Examples of chemoprophylaxis recommendations for a hypothetical traveler: selected destinations in Latin America
References such as the interactive malaria map maintained by the United States-based Centers for Disease Control and Prevention (CDC)39 and the malaria chapter in the Traveler's Health (Yellow) book, available online at http://wwwnc.cdc.gov/travel/yellowbook/2012/chapter-3-infectious-diseases-related-to-travel/malaria.htm, or the World Health Organization's (WHO) International and Travel Health book, available online at http://www.who.int/ith/ITH2010.pdf, can help clinicians and others giving travel advice provide more accurate risk assessments and recommendations. Individualized pre-travel advice based on travel route, season, length and type of travel is recommended.40,41 Travel advice may also vary based on the traveler's country of origin, as licensing and use of chemoprophylaxis regimens varies across countries.40 Although individual recommended regimens may vary, most countries' travel guidelines, as well as the WHO's, recommend chemoprophylaxis for travelers to endemic areas of most countries in Latin America. One notable exception is the Swiss public health agency, which recommends standby emergency treatment in endemic areas and chemoprophylaxis only in four more highly endemic countries in Latin America (Brazil, French Guiana, Guyana, and Suriname—see also Table 2). The French public health agency specifies that chemoprophylaxis for trips of < 7 days duration is optional for travelers to chloroquine-sensitive areas of Latin America.
Table 2.
Recommendations by various countries/organizations on chemoprophylaxis for travel to Latin America
| Country/organization | Type(s) of chemoprophylaxis recommended for Latin America | Website/references* |
|---|---|---|
| Australia, Department of Foreign Affairs and Trade |
|
Travel advisories, available at: http://www.smarttraveller.gov.au/zw-cgi/view/Advice/ |
| Canada, Public Health Agency of Canada |
|
Canadian recommendations for the prevention and treatment of malaria among international travelers 2009. Available at: http://www.phac-aspc.gc.ca/publicat/ccdr-rmtc/09pdf/35s1-eng.pdf |
| France |
|
Available at: http://www.sante.gouv.fr/IMG/pdf/beh_21_22_2010.pdf |
| Switzerland, Confédération Suisse (Office Federal de la Santé Publique) |
|
General malaria advice for short stays Available at: http://www.bag.admin.ch/themen/medizin/00682/00684/02535/index.html?lang=fr Country-specific recommendations: Available at: http://www.safetravel.ch |
| UK, Health Protection Agency |
|
Chiodini P, Hill D, Lalloo D, Lea G, Walker E, Whitty C and Bannister B. Guidelines for malaria prevention in travelers from the United Kingdom. London, Health Protection Agency, January 2007. Available at: http://www.hpa.org.uk/web/HPAwebFile/HPAweb_C/1203496943523 |
| USA, Centers for Disease Prevention and Control |
|
CDC Health Information for International Travel 2010 (“Yellow Book”) Available at: http://www.cdc.gov/malaria/travelers/country_table/a.html |
| World Health Organization |
|
International Travel and Health book 2010 (“Green book”) Available at: http://www.who.int/ith/ITH2010.pdf |
Note: Please refer to specific publications for further information on areas with malaria transmission. This table is not meant to serve as a comprehensive guide for destination-specific chemoprophylaxis recommendations.
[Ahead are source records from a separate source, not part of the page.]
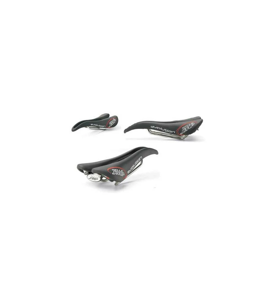 SMP Evolution ergonomique SMP. Le confort des selles SMP est exceptionnel. Comme les selles de la gamme SMP telles que la Gliter ou la Composit, la selle Evolution bénéficie des caractéristiques brevetées comme le bec original du devant de la selle, dessiné pour offrir une base plate pour les efforts assis quand on doit affronter de longues montées et comme aide dans les descentes, en offrant un contrÎle plus grand du vélo au niveau des cuisses.
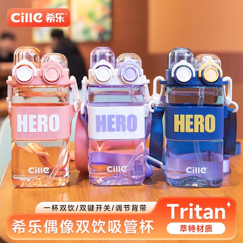 希楽プラスチックカップ子供用ダブルドリンクストローカップ男女高颜値携帯角型カップ大容量tritanカップ
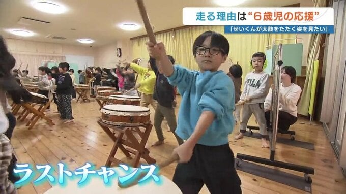 彼の通う子ども園では6年前から、和太鼓でランナーを応援しています。
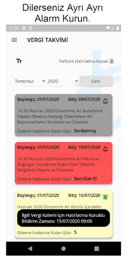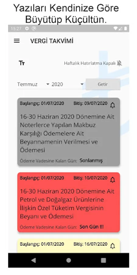 With a very simple and stylish design, you can easily distinguish between taxes that are approaching the payment at a glance, past or deadline.
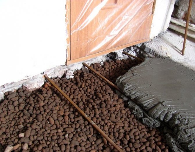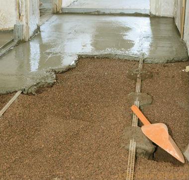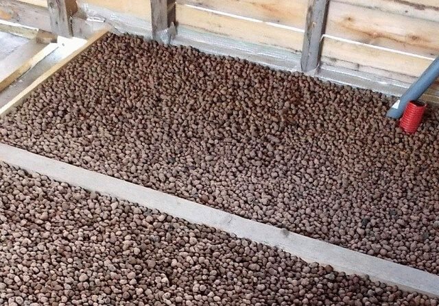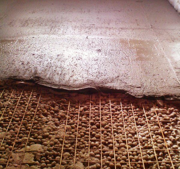 Si une base en béton est censée être installée sous des planches de plancher, un tel plancher peut être isolé en "noyant" de l'argile expansée dans une chape en béton:
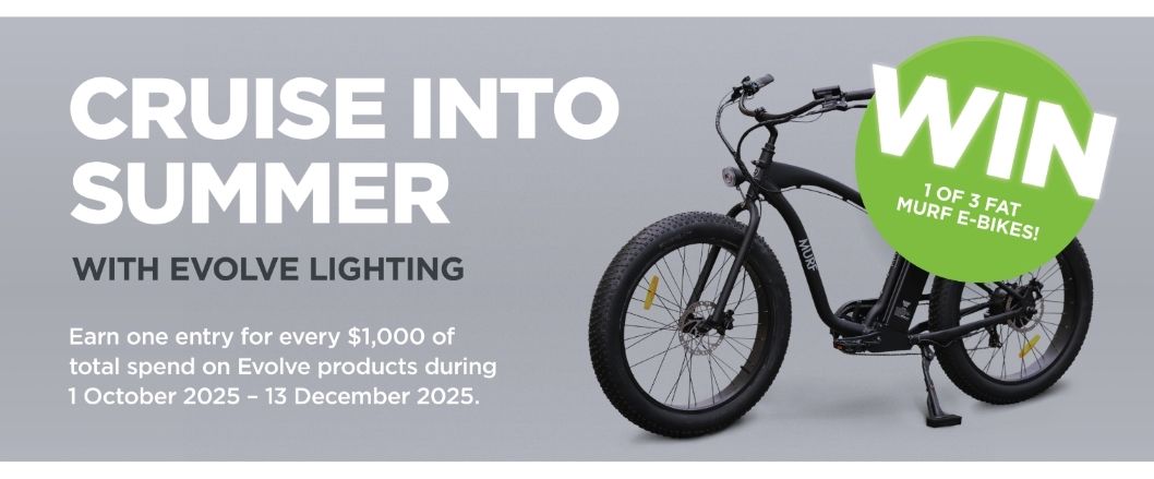 This offer is available instore and online during the promotional period. For every $1,000.00 + GST accumulated by purchasing stocked Evolve Lighting products, customers will receive one entry into the draw to win one of three Fat Murf E-Bikes.
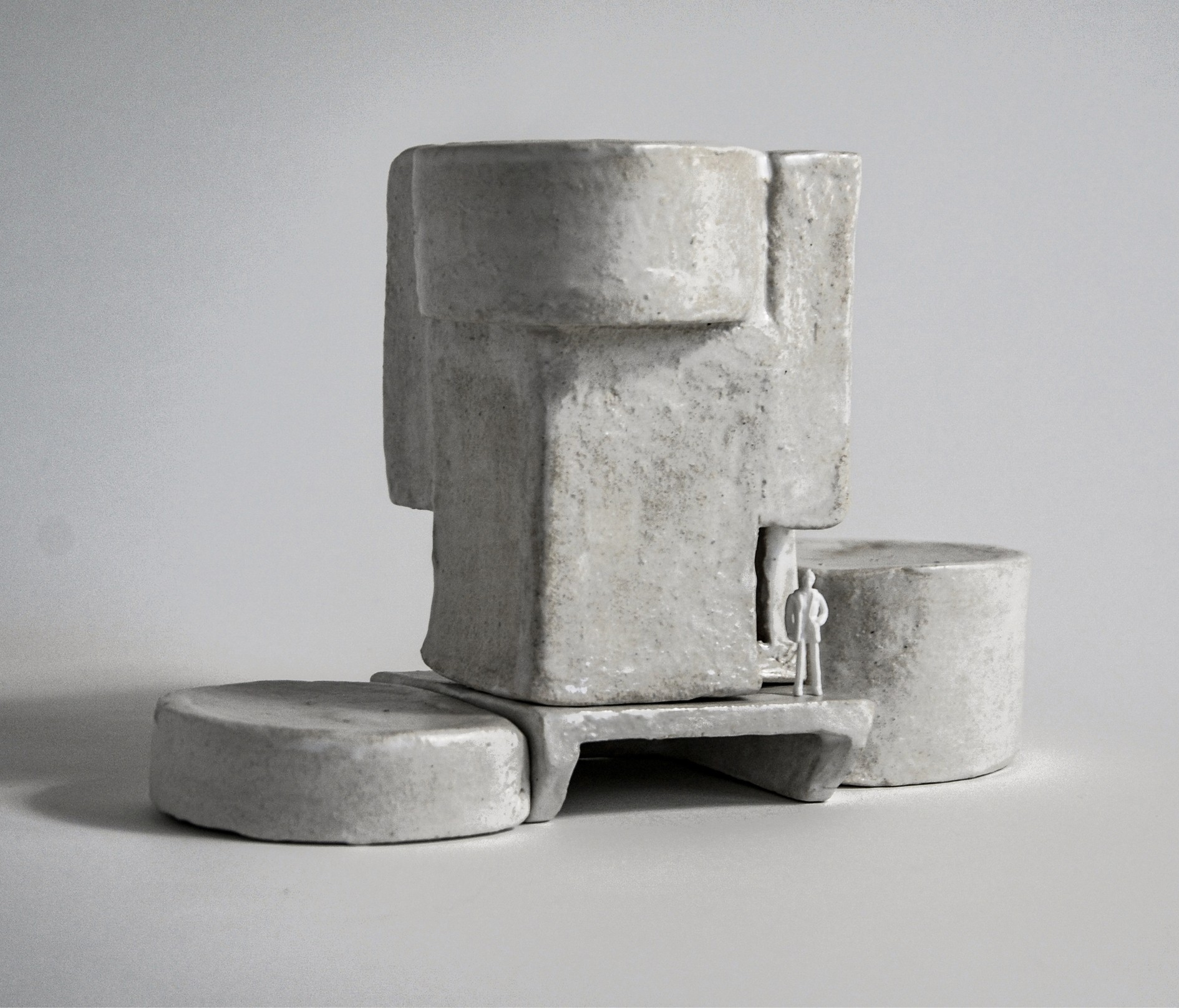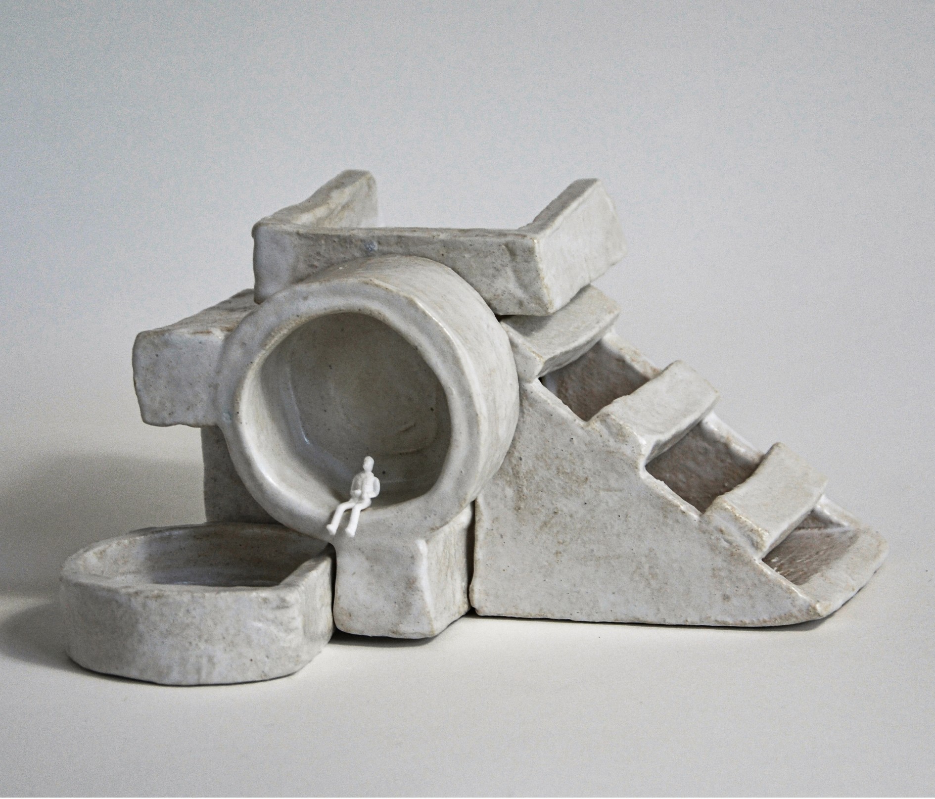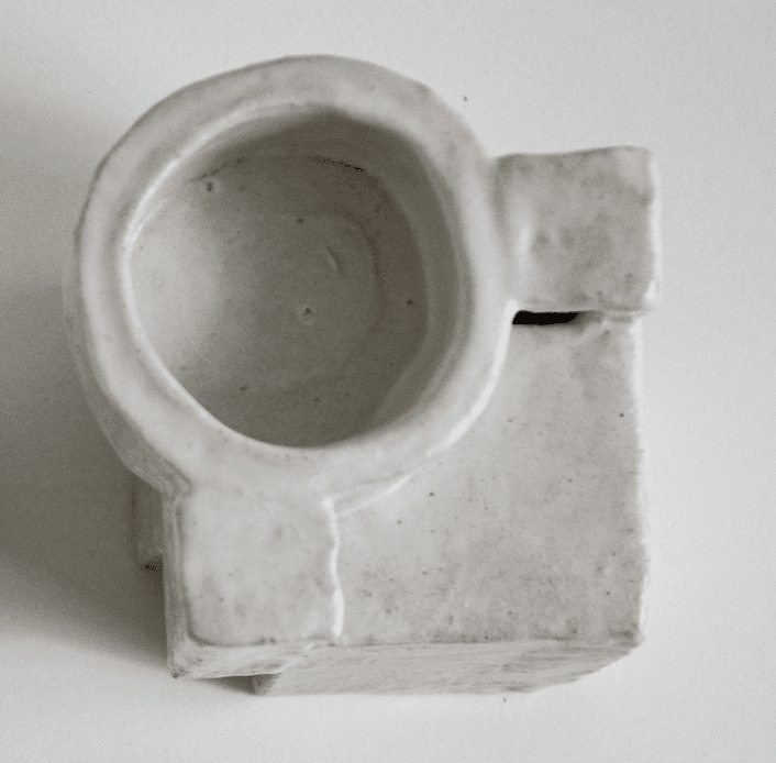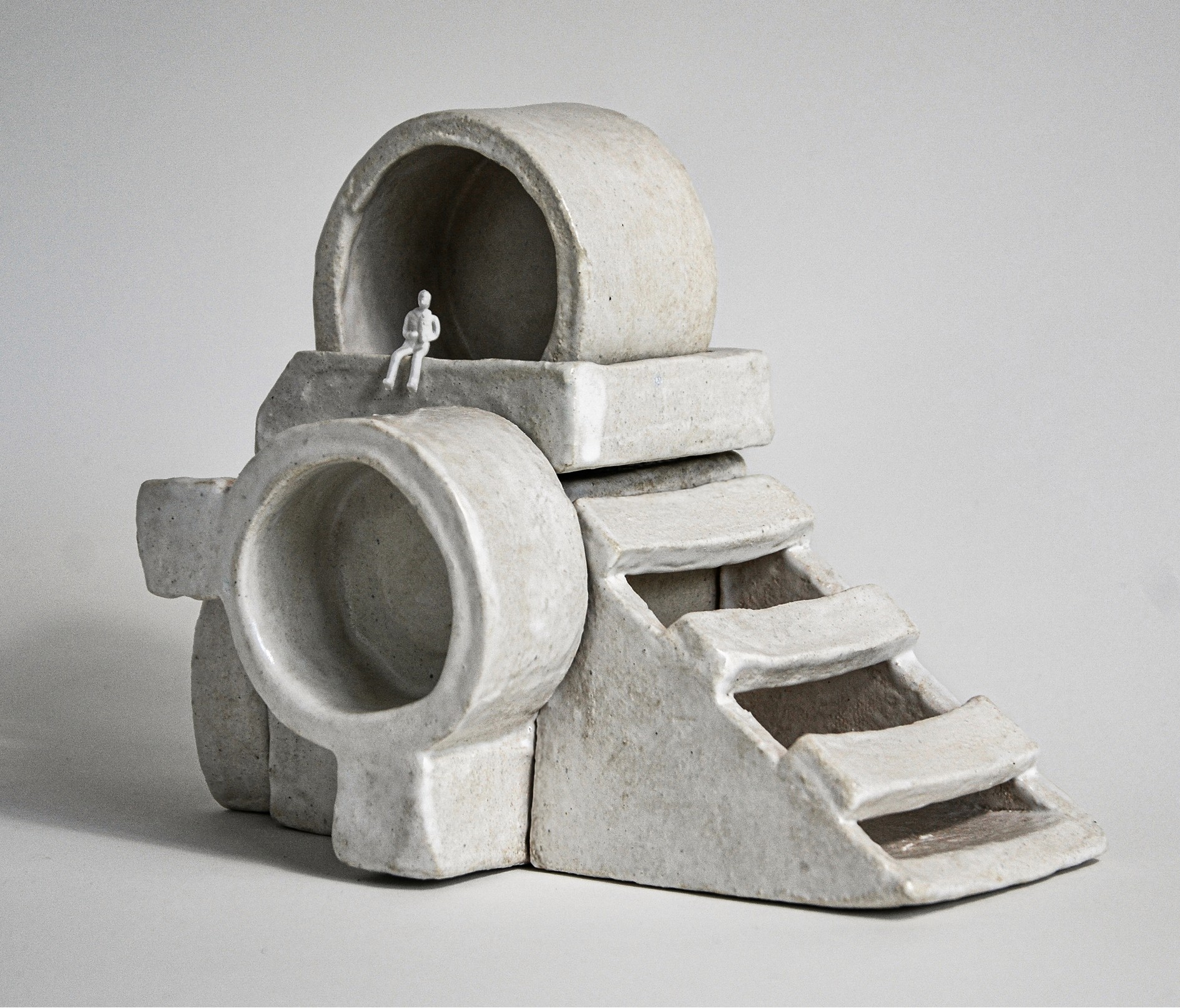 Sculpted in clay, and finished in a refined white glaze, this piece carries a quiet sense of "play." The creation of these blocks brought with it the recall of early childhood memories: stacking wooden blocks and creating sculptures out of them. The tactile nature of the forms reinforces a nostalgic appeal.

Mosquito bite prevention is analogous to mosquito avoidance.
In most areas of Latin America, especially in the Amazon Basin, where malaria is endemic, the primary malaria mosquito vector is Anopheles darlingi, which has early peak feeding times between dusk and about 9:00 or 10:00 pm.42,43 However, there is regional variability and some feeding peaks occur later in the evening. Travelers should be advised that limiting their time outdoors during the biting hours of the Anopheles mosquito from dusk to dawn will help limit their exposure. Other measures, including the use of an effective repellant such as 50% N,N-diethyl-m-toluamide, which has been shown to be both safe and effective,44 and wearing clothing that covers as much skin as possible after dusk for any time spent outdoors may be especially beneficial in Latin America with the early peak biting times of An. darlingi. Staying in accommodations with air conditioning or screens in the windows, and use of permethrin-treated bednets when accommodations are not well screened or air-conditioned should be encouraged.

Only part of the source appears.